After a million addictions in search of a reason, thousands of self-pathologizing attempts to understand the comedy world — what unites its stars, the commonalities they share — the question always seems to land on the exact same boring “artists are inherently unstable,” “genius is madness” note that they’ve been selling us since Van Gogh. It’s a good story: For the untalented, it’s a sour grapes relief, and to the artist, it’s a free pass to melt down.
That doesn’t mean it’s true, though: Just that a win/win lie often doesn’t feel like a lie at all.

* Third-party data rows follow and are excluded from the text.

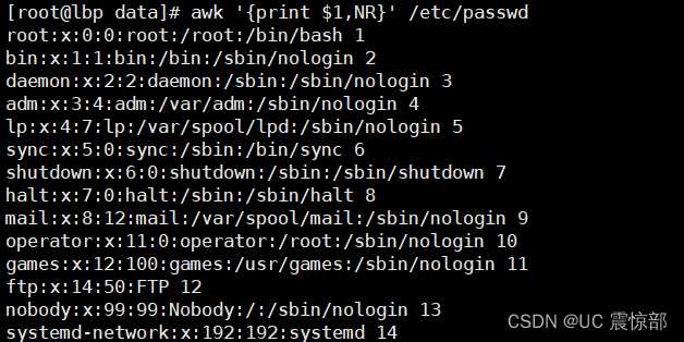 - [root@localhost ky15]#awk '{print $1,NR}' /etc/passwd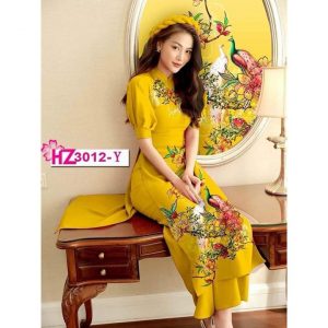 AD2188 Set bộ áo dài truyền thống cách tân cổ trụ họa tiết hoa chim công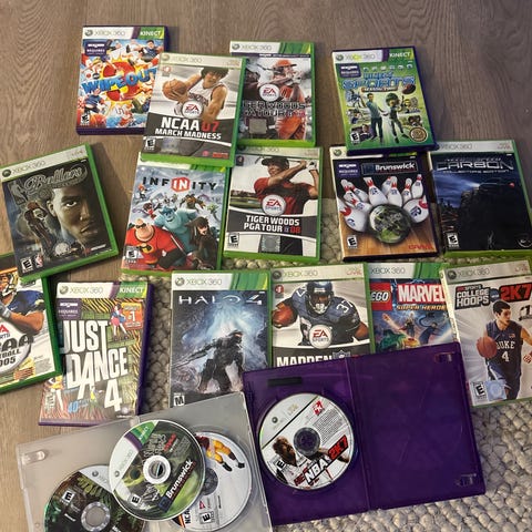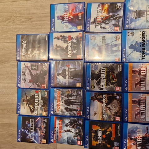 Sony PlayStation 3 spillkonsoll med to kontrollere, en svart og en blå. Inkluderer en samling av 14 spilltitler, blant annet The Last of Us, Heavy Rain, Quantum of Solace, FIFA 11, Max Payne 3 og Gran Turismo 5. Spillkonsollen er svart og designet for hjemmeunderholdning.. Mangler kabel til å lade kontrollere (joystick).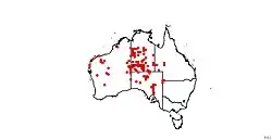 The species has a disjunct range across arid western and central Australia, with occurrence records in Western Australia, South Australia, the Northern Territory, New South Wales and Queensland.[2][4]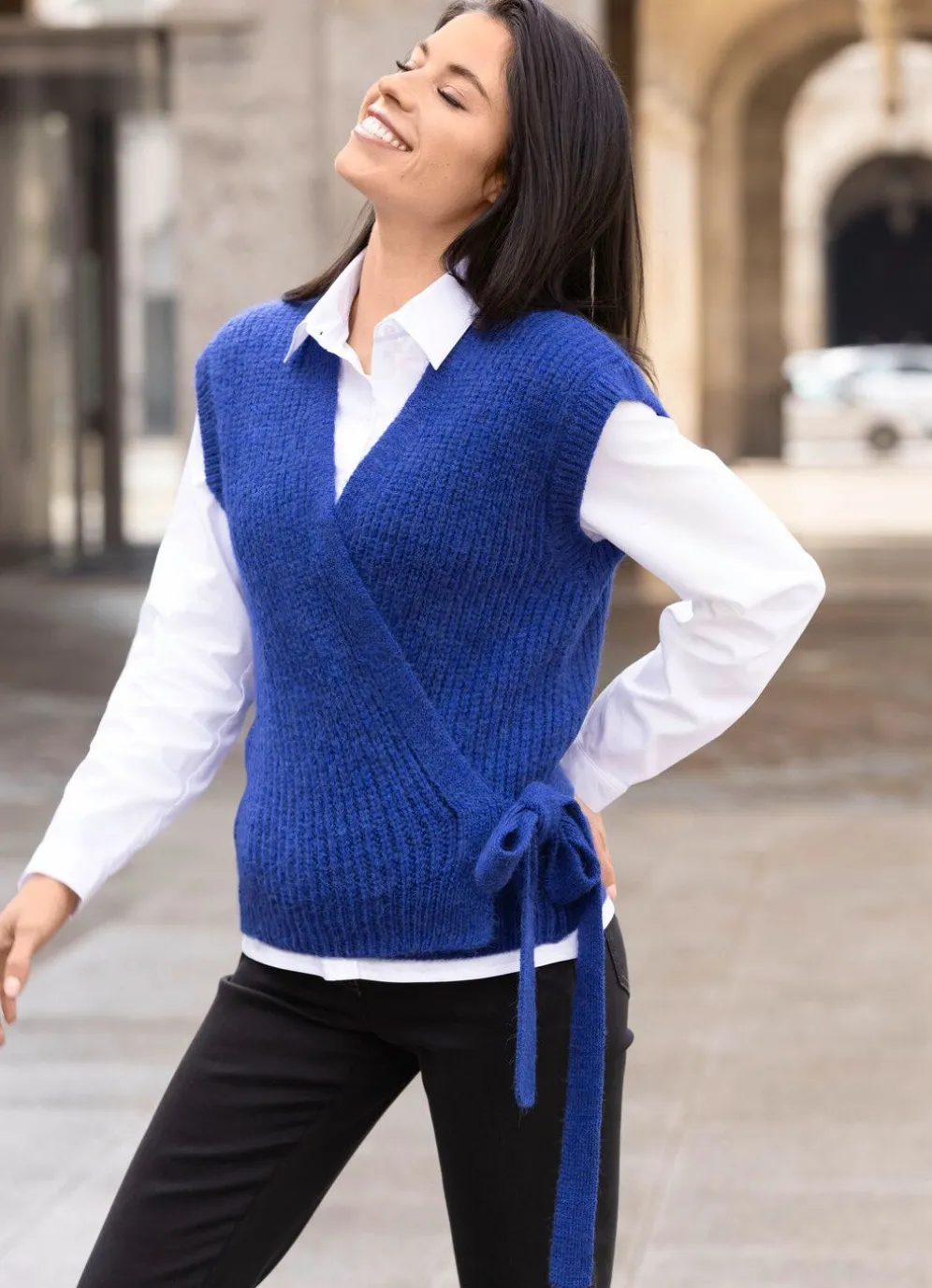 Diese raffinierte, royalblaue Strick-Wickelweste in Perlfangstrick allover verleiht jedem Outfit eine schmeichelhafte Silhouette und lässige Eleganz: V-Ausschnitt, überschnittene Form sowie Bindeband, das durch das integrierte Loch durchgeführt und zur Seite gebunden werden kann.

Like the internet shock-humorist, doubling down on diminishing returns until all that’s left are Hitler jokes, is learning, we needed something fresh, something new, to break the system — and Pete’s success, with this show and in comedy in general, may provide some of the keys to what comes next. He’s an outlier because he is unique, but that doesn’t — logically it can’t — mean his appeal is sui generis, based on nothing at all. What “people” like about Holmes, his comedy, this show: That’s an origin story too.
And even if “Pete Holmes” were a put-on persona — like Anthony Jeselnik’s nastiness, or Larry the Cable Guy’s entire thing — it would still have that power. The fact that it really seems impossible just makes it exponentially stronger: Authenticity as a brand can be messed up a thousand ways, but only succeeds in one very particular and specific one, which is to be actually authentic. That is undefeatable.
Because when Pete Holmes smiles, he does it with his whole face; his body language is friendly and open, and demands a hug. After decades of Gen X coolness and hall-of-mirrors hipsterism — not caring about not caring about not caring; its clear endpoint and funeral the ongoing garbage fire of comedy-writer Twitter takes — then the most destructive, or at least disruptive, thing you can do is care: Something Pete Holmes has never strained to do. It feels a little revolutionary.
“Crashing” airs Sundays at 10:30 p.m. ET/PT on HBO, after Apatow’s “Girls.”